Волки съели? О чём она? Какая ужасная смерть. Когда волки нападают на несчастную жертву, они сначала окружают её, обступая плотным и тесным кольцом, а потом вожак даёт стае команду, и все впиваются в беззащитное тело острыми клыками, начиная заживо его рвать. Это больно и страшно.
Раньше папа часто читал Егорке книги перед сном: про лес, про охотников, про приключения, а сейчас даже пожелать спокойной ночи не заходит. Наверное, мстит за то, что сын его новую жену не принимает. Или просто занят?
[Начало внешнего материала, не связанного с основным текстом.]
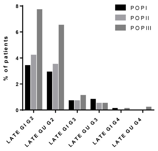 Overall, the treatment was well tolerated, as the majority of patients experienced only mild to moderate toxicities. In comparison to POP II, patients in the current series showed better tolerance to RT treatment with a lower crude rate of acute toxicity ≥ grade 2. Reported grade 4 acute urinary toxicity remained as low in POP III as it was in POP II (Figure 3). When analyzing the crude maximum late toxicity rates, most patients experienced mild toxicity (grade 2), while only 7 patients experienced grade 4 toxicity (6 patients GU and 1 GI, respectively) (Figure 4). Unexpectedly, patients treated with a total dose (EqD2) ≤ 74 Gy developed a higher incidence of acute and late toxicity, the likely reasons being the larger CTV-PTV margins used in this cohort in absence of IGRT.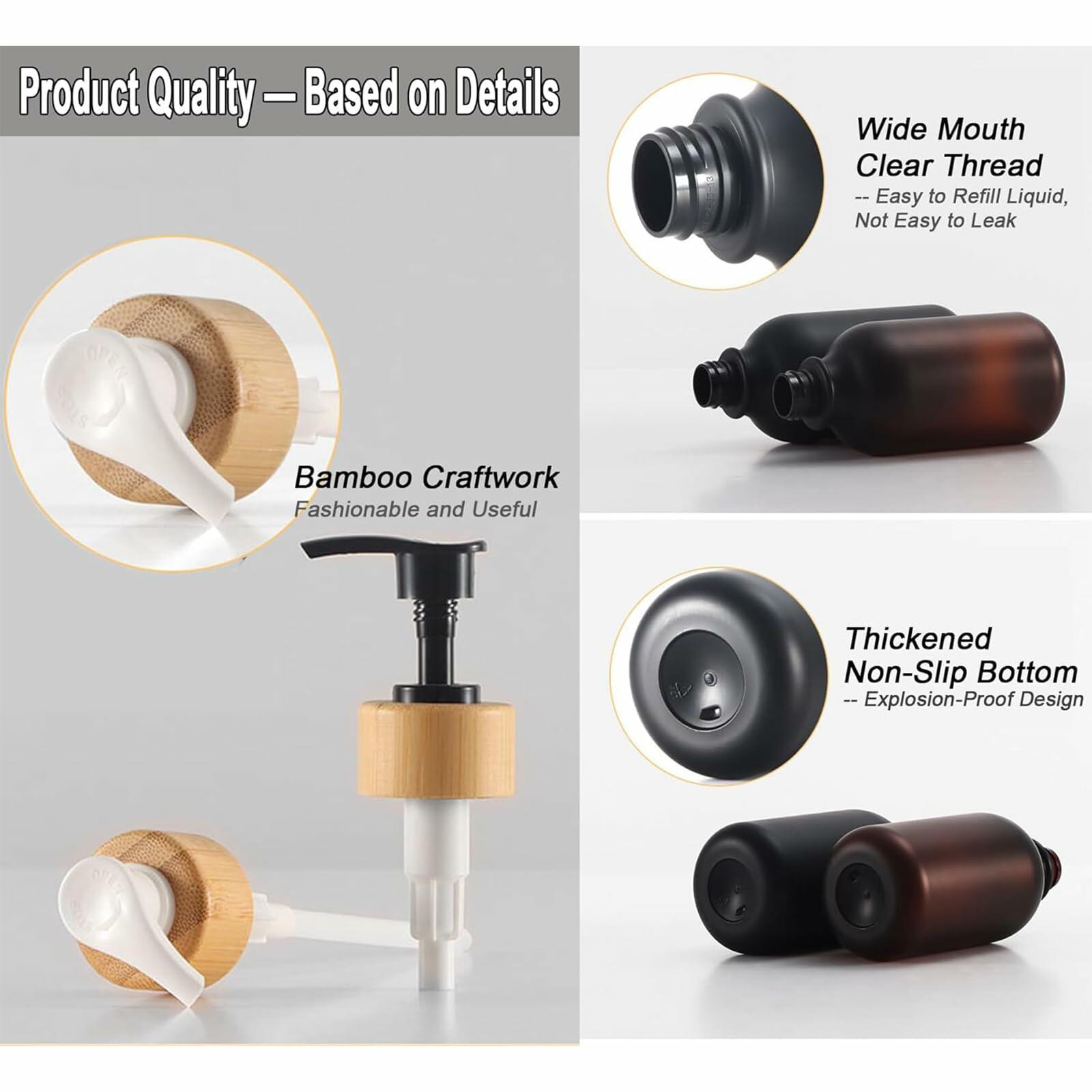 Amorettise Black Plastic Soap Dispenser Bottles 16.9oz 6 Pack Bamboo Pump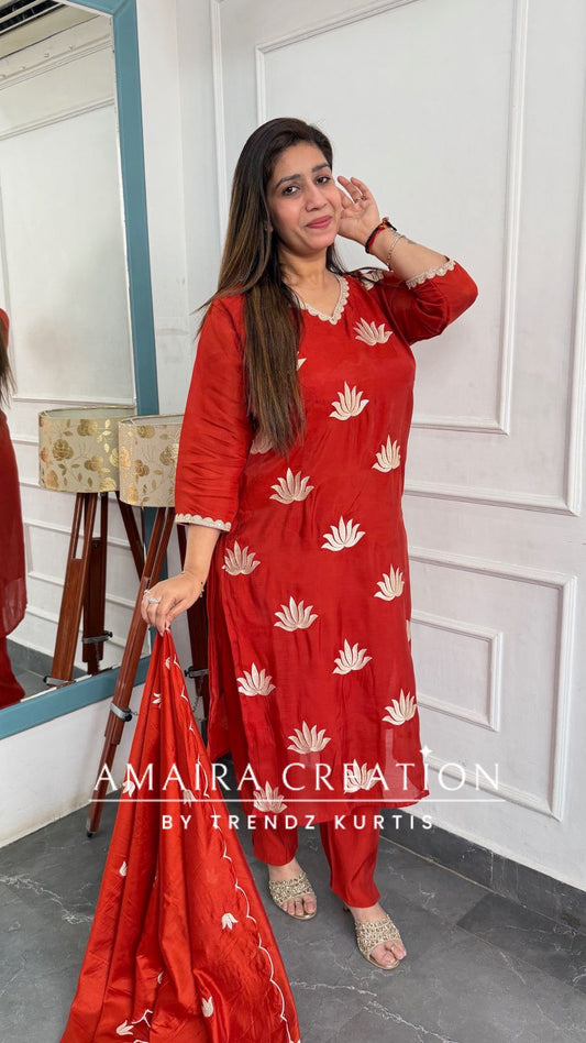 Muslin Fabric Rust Color Thread Embroidered Pant Set

В любом случае, виновата Катька.
Наконец-то она показала своё истинное лицо. Жаль, что папа не видел.
Кстати, а откуда Катька знает, что детей растерзали волки? Егор не успел подумать, как ноги сами вынесли его прочь из комнаты и привели в сторону лестницы.
– Почему ты говоришь, что их съели волки? Они же просто пропали, и их не нашли, – крикнул он в спину мачехе, уже накинувшей на себя модное пальто. Женщина собиралась уходить, – Волки не могут съесть человека целиком.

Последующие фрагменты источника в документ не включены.